The completion of the Human Genome Project in 2000 marked the end of one stage of discovery and the beginning of another, more complex one. In his book Drawing the Map of Life: Inside the Human Genome Project, veteran science journalist Victor K. McElheny tells the behind-the-scenes story of the events leading up to the sequencing of the human genome and chronicles biologists’ subsequent—and ongoing—efforts to use their newfound knowledge to diagnose and treat diseases.
McElheny, 75, started working at a newspaper after graduating from Harvard in 1957. He wrote about breakthroughs in medicine and the launch of Sputnik, which took place that October, and quickly specialized as a science reporter. “Science seemed to be the single most important force in the history that was unfolding,” he says. Over the next few decades, he worked as a correspondent for Science, as the science editor of the Boston Globe, and as a technology reporter for the New York Times. In 1982 he founded the Knight Science Journalism Fellowships program at MIT, which he led until he retired in 1998. Now a visiting scholar in MIT’s Program in Science, Technology, and Society, he has time to pursue specific interests in greater depth.
McElheny decided to go deeper into the genome project in 2003. He had just published his second book, Watson and DNA: Making a Scientific Revolution, and asked Sydney Brenner, a Nobel laureate in medicine and a pioneer in genetics and molecular biology, what he thought of it. “He said, in his usual sardonic way, ‘I suppose somebody had to do it, but the real story is the genome,’ ” McElheny recalls. Two months later, he heard MIT biology professor Eric Lander, who was about to become the founding director of the Broad Institute, speak about the use of genomic technology in determining the best way to treat particular cases of cancer. The two events convinced him that he had found the subject of his next book.

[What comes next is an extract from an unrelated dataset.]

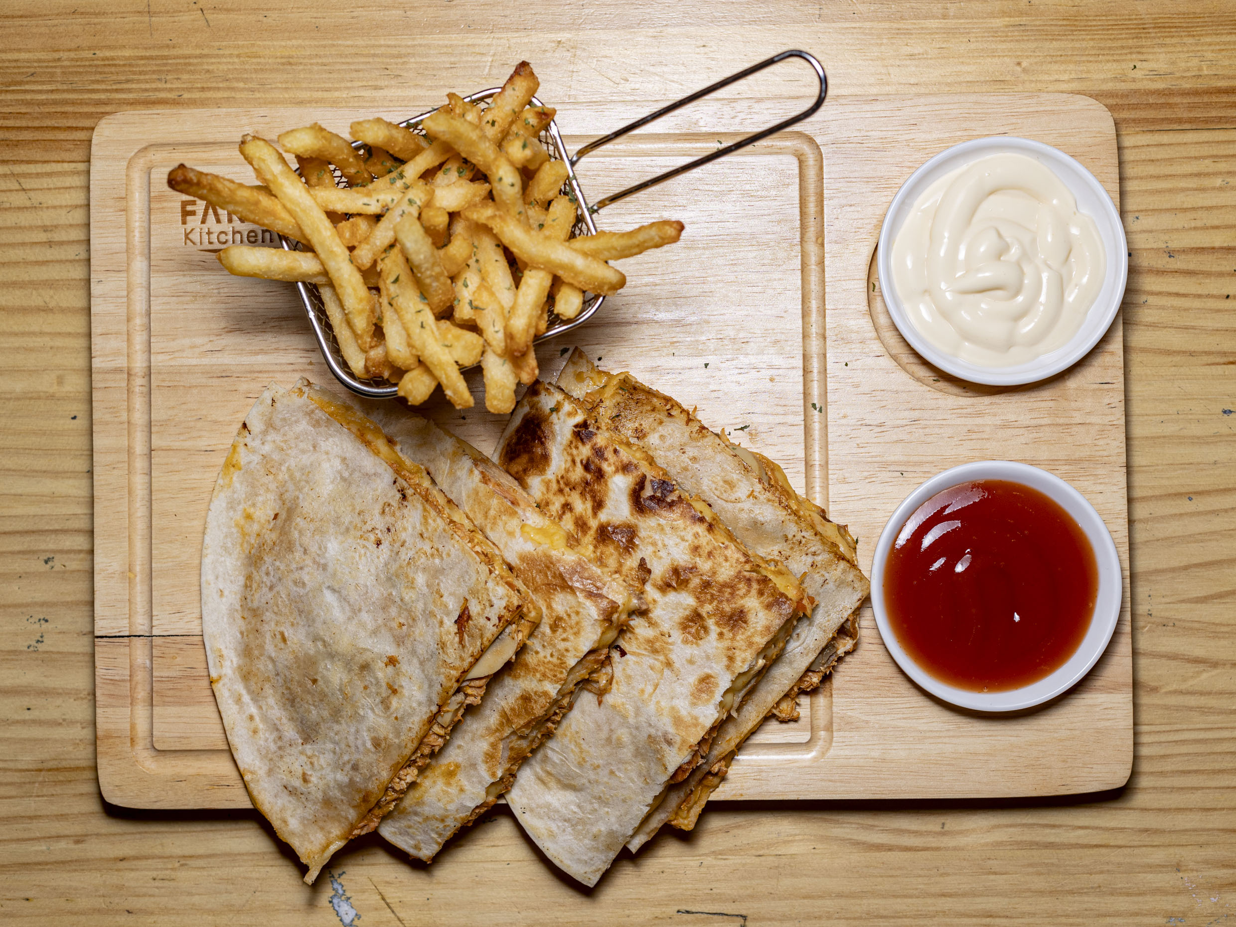 Tienes 4 opciones a e elegir y son 4 quesadillas con corte rectangular de proteína a elegir, queso Mozarella hongos y tocineta, acompañado con Guacamole, Papas Fritas y ensalada

As he learned more about the genome project, McElheny says, he was particularly surprised by the level of disclosure and collaboration among competing scientists. Generally when scientists are scrambling to achieve a specific goal, he says, there’s “a desire to hold onto your results until you’ve milked everything you can out of them.” But during the race to map the genome, “people had to grope toward a kind of coöperation on a bigger scale and with greater intensity than biologists were used to.”
McElheny also points out that unlike other scientific ventures that have shaped history, such as the space program and the atomic bomb, the genome project did not originate with a government directive. “[It] was really more of a bottom-up project, not an inside-the-Beltway project,” he says. “It emerged out of the scientific community, out of lengthy and sometimes quite heated discussions. It came from a lot of different places, related to the fact that it was so coöperative in its nature. It bubbled up.”